10. Which of the following pressures is closest to the mean arterial blood pressure in a person whose systolic blood pressure is 135 mmHg and pulse pressure is 50 mmHg? a. 110 mmHg b. 78 mmHg c. 102 mmHg d. 152 mmHg e. 85 mmHg

c. The diastolic pressure in this example is 85; adding 1/3 of the pulse pressure gives a MAP of 101.7 mmHg.

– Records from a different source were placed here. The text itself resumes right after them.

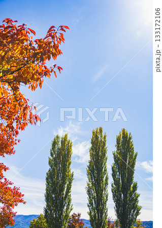 北海道/北海道大學/札幌市,一排白楊樹,您可以輕鬆欣賞北海道典型的景色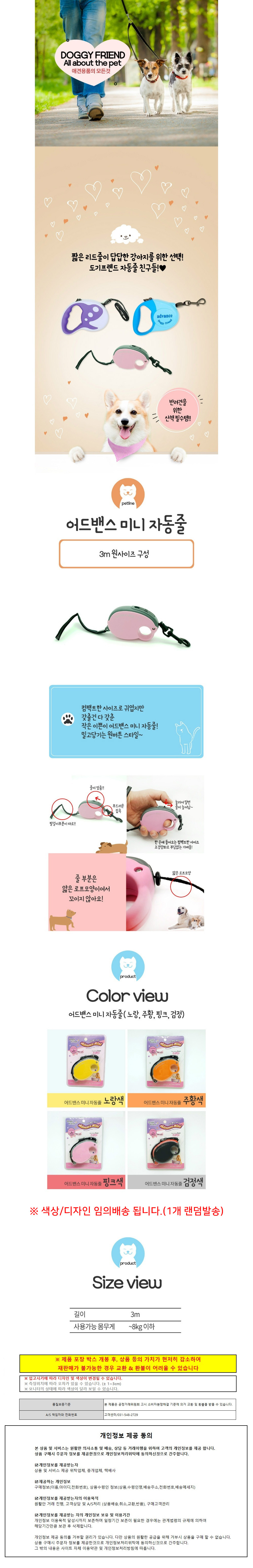 도기프렌드 강아지목줄 어드밴스 미니 자동줄 3M (랜덤1개)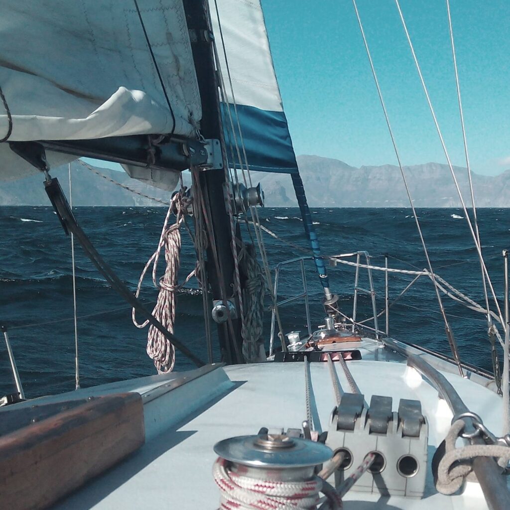 The topography here plays a huge factor in shaping the wind. The wind that chased us, tail-between-legs, from Hout Bay funnels over Llandudno slamming us with 30-35kts once again. But this time it’s on the beam and the ship handles it in her stride. The calmer patches hold wind of 20-25kt and we grin at each other in the “calm” of 25kts. Life really is all about relativity at times. Who would have thought 25kts would be so welcome?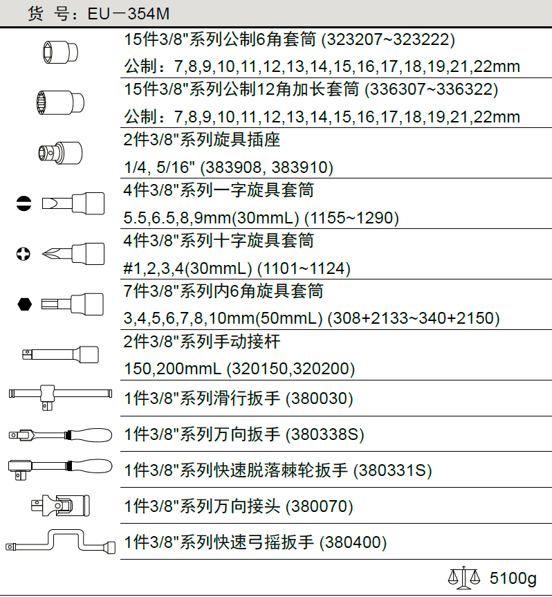 3/8"系列54件套公制手动套筒及旋具套筒和扳手组EU-354M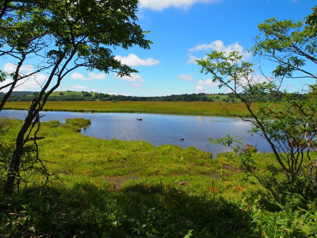 このルートで最初に見える池が鎌ヶ池、いかにも湿原の池という雰囲気。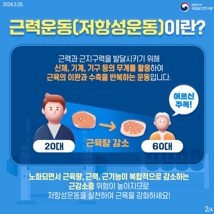 근손실방지를 위한 근력운동, 저항성운동을 하라는 질병관리청 카드뉴스 (2024) 본문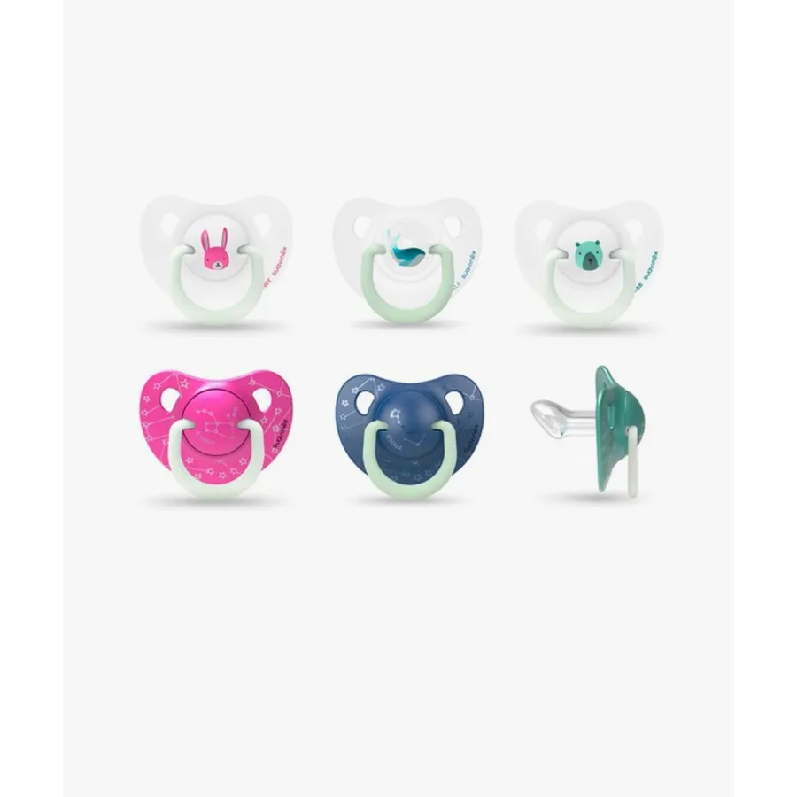 Este increíble pack de dos Chupetes de la colección Premium de Suavinex, con hermosos y divertidos diseños, dispone de una tetina anatómica de silicona que se asemeja a la forma del pezón de la madre y se adapta perfectamente a la boca del bebé, favoreciendo el correcto el desarrollo del paladar. Además, la forma de este chupete hace que sea muy delicado con la piel, por lo que evitará irritaciones o marcas.
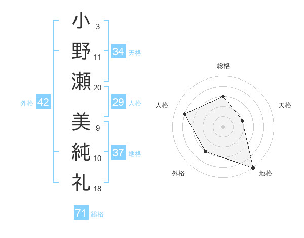 小野瀬 美純礼さんを姓名の画数から五運を鑑定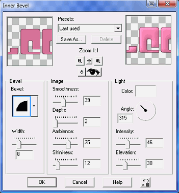 1. With your magic wand click inside the first frame and go to Selections > Modify > Expand by 12 - add a layer and fill with one of the papers. I also resized these. Move this layer under the Frames layer. Select inside the frame with the magic wand and again expand by 12. Copy paste one of your tubes as a new layer and resize it so it looks nice inside the frame. Selections > Invert > Hit Delete on your keyboard and move the tube layer under the frame. Make sure the background layer and the mask layer are closed and merge visible the Frame layer, the paper layer and the tube layer. 2. Now repeat what you did in 1 with the frame in the middle. 3. Let's fill frame 3 on the right and repeat what you did in 1. Now add your text: I typed Welcome in Capital letters using Gyporady - Vector - Bold - Size: 42 and two colours: a lighter shade of pink #D77399 for the fill - #713D53 for the stroke. Convert to raster layer. Apply an effect: Effects > 3D Effects > Inner Bevel: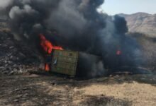 Tráiler se incendia tras volcar en autopista Siglo XXI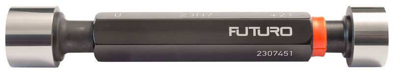 Grenzlehrdorn nach DIN 2245, ein Prüfmittel, das die Produktionsprozesse optimiert und die kontinuierliche Verbesserung der Produktqualität steigert. Der Messkörper ist gehärtet, stabilisiert und entspannt, feinstgeschliffen und geläppt. Der 6-Kant-Griff, ermöglicht eine bequeme und sichere Handhabung. Die Gutseite als auch die Ausschussseite bestehen aus hochwertigem Lehrenstahl.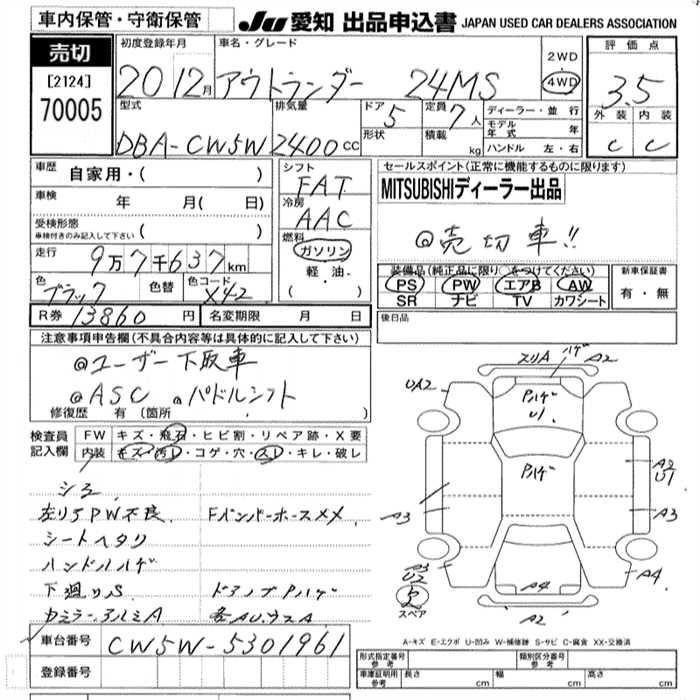 24G CW5W 4B12(MIVEC) Full-time 4WD CVT 2.359 л 170 л.с AИ-92 2 656 500 ¥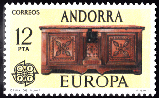 Die Europamarken 1976 zum Gemeinschaftsthema "Kunsthandwerk" erschienen bei der spanischen Post in Andorra am 3. Mai 1976. Hier die Marke zu 12 Pesetas mit einer geschnitzten Holztruhe, die in einer Auflage von 699 770 Stück erschien.
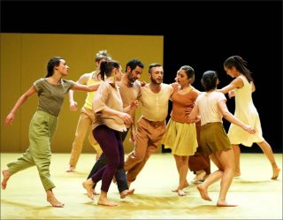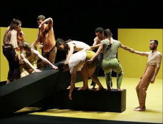 La pièce nous introduit d’emblée dans un monde intriguant, sorte de lieu clos et utopique. En effet, la scène est complètement nue mais encadrée par trois panneaux à la faible luminosité. Les danseurs la traversent lentement, puis prennent leur élan et se laissent glisser, puis dans le même élan se redressent et chutent encore. Comment interpréter ces chutes de corps ? Mass B, véritable point de rencontre de la danse baroque et contemporaine, se fait aussi l’écho de l’actualité la plus récente, celle des mouvements de population animés par l’espoir et la crainte de l’avenir.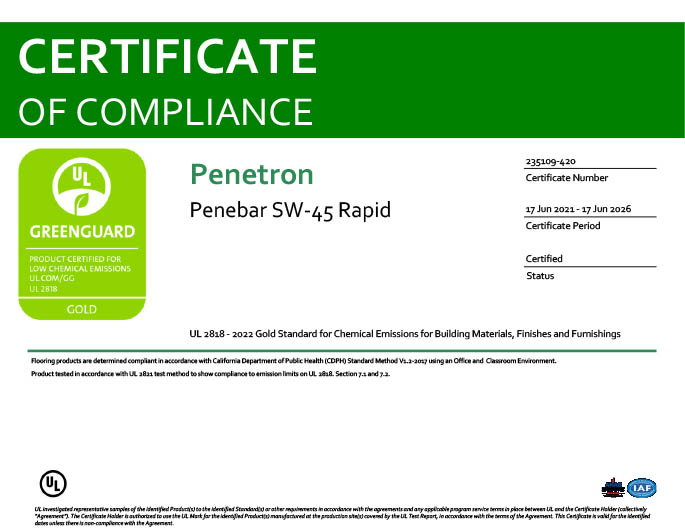 Ο Όμιλος των εταιρειών της PENETRON INTERNATIONAL σε παγκόσμια κλίμακα εναρμονίζεται με τα ισχύοντα συστήματα διασφάλισης ποιότητας, αλλά και με τις υφιστάμενες ανά περιοχή διατάξεις, πιστοποιητικά, συστήματα υγιεινής & ασφάλειας προσωπικού και κάθε απαίτηση προϊόντος, εφαρμογής ή συστήματος. Στο επίπεδο της παραγωγής, οι υψηλές απαιτήσεις ποιοτικού ελέγχου στις υπερσύγχρονες εγκαταστάσεις της PENETRON INTERNATIONAL έχουν κερδίσει την πιστοποίηση ISO 9001:2015 και ISO 14001:2015.
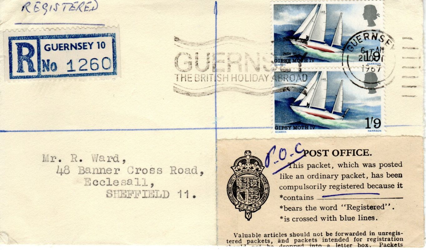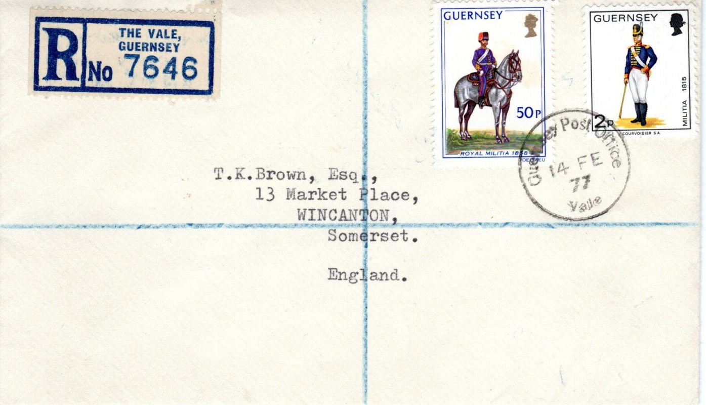 | 712 | GUERNSEY - 1977 registered cover to Somerset. With VALE datestamps & 'THE VALE/ GUERNSEY' registration label | 5.00 | 13.00 | |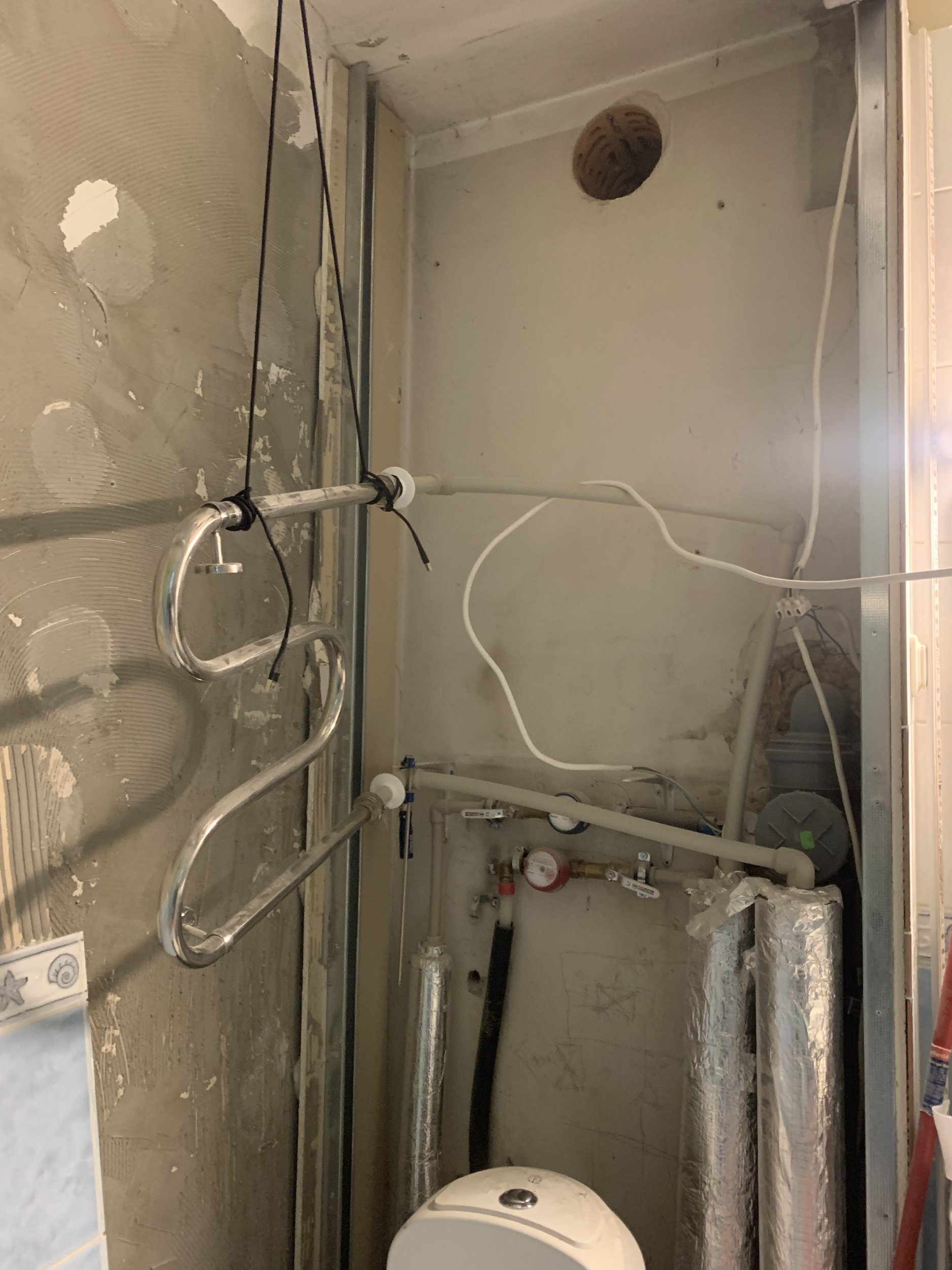 Olemasoleva rärtikukuivati vahetus uue vastu ning torude ümbertegemine, tegemist on tarbevee süsteemi ühendatud rätikukuivatiga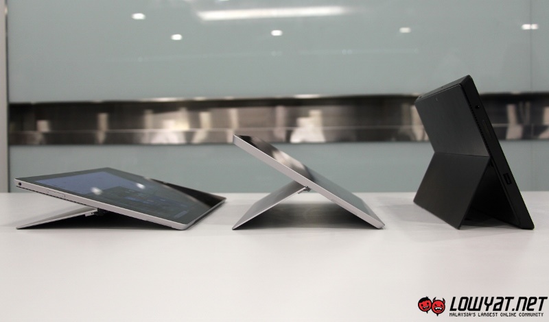 That being said, Surface 3 is equipped with a different kickstand than Surface Pro 3 which is limited to three pre-determined positions (shown below) as opposed to the latter’s free flowing kickstand that can be extended up to 150-degrees. Nevertheless, Surface 3 kickstand does extends slightly further than what the first and second generation of Surface tablets were able to do.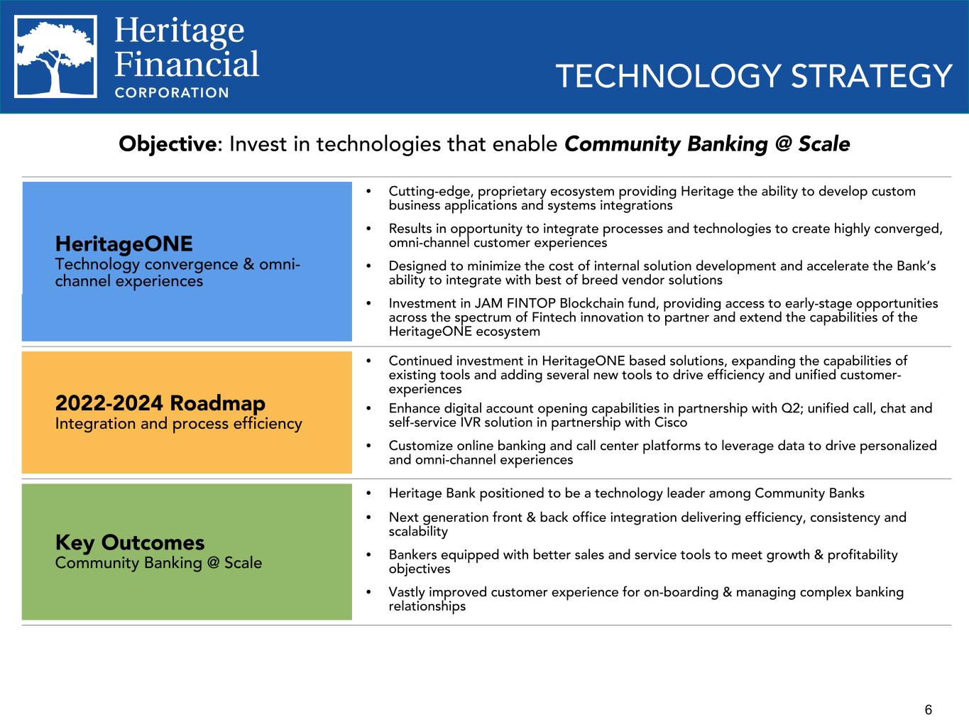 7 HeritageONE Proprietary technology ecosystem for converging product and service solutions to enable Community Banking @ Scale TECHNOLOGY INNOVATION Build Our proprietary HeritageONE platform provides an API-based framework and set of tools for selective in-house development of applications and integrations to fill the gap in available solutions that create efficient, scalable, and well orchestrated business processes for Commercial Community Banks. HeritageONE business application development is focused on opportunities to create differentiated and value-added service experiences for our core customers: Commercial Loans 360 (CL360) • Streamlines Commercial Lending processes • Single platform for all credit actions Heritage 360 (H360) • “Single pain of glass” for relationship mgmt. • Keeps service and decisions close to the customer • Automates immediate service needs • 99% reduction in time to fill some service requests Treasury Management 360 (TM360) • Single platform for onboarding all TM services • Automates setup tasks • Customer gets immediate access to key services Partner Investment in the HeritageONE ecosystem frees us from sole dependency on our core provider, enabling the bank to pursue relationships with other third-party innovators. This in turn will allow us to bring to market new and creative solutions that ensure that our customers have access to the best options for when, where and how they want to bank with Heritage. Integrate Leveraging our proprietary HeritageONE middleware capabilities to create API-level integrations to maximize the value and effectiveness of in-house and third-party solutions and enable true omni-channel customer experiences.

2. In the stretch reflex, a. Golgi tendon organs activate contraction in extrafusal muscle fibers connected to that tendon. b. lengthening of muscle-spindle receptors in a muscle leads to contraction in an antagonist muscle. c. action potentials from muscle-spindle receptors in a muscle form monosynaptic excitatory synapses on motor neurons to extrafusal fibers within the same muscles. d. slackening of intrafusal fibers within a muscle activates gamma motor neurons that form excitatory synapses with extrafusal fibers within that same muscle. e. afferent neurons to the sensorimotor cortex stimulate the agonist muscle to contract and the antagonist muscle to be inhibited.

c. When a given muscle is stretched, muscle-spindle stretch receptors send action potentials along afferent fibers that synapse directly on alpha motor neurons to extrafusal fibers to that muscle, causing it to contract back toward the prestretched length.

A standing subject looking over her left shoulder suddenly rotates her head to look over her right shoulder. How does the vestibular system detect this motion? a. The utricle goes from a vertical to a horizontal position, and otoliths stimulate stereocilia. b. Stretch receptors in neck muscles send action potentials to the vestibular apparatus, which relays them to the brain. c. Fluid within the semicircular canals remains stationary, bending the cupula and stereocilia as the head rotates. d. The movement causes endolymph in the cochlea to rotate from right to left, stimulating inner hair cells. e. Counterrotation of the aqueous humor activates a nystagmus response.

c. With the sudden head rotation from left to right, inertia of the endolymph causes it to rotate from right to left with respect to the semicircular canal that lies in the horizontal plane. This fluid flow bends the cupula and embedded hair cells within the ampulla, which influences the firing of action potentials along the vestibular nerve.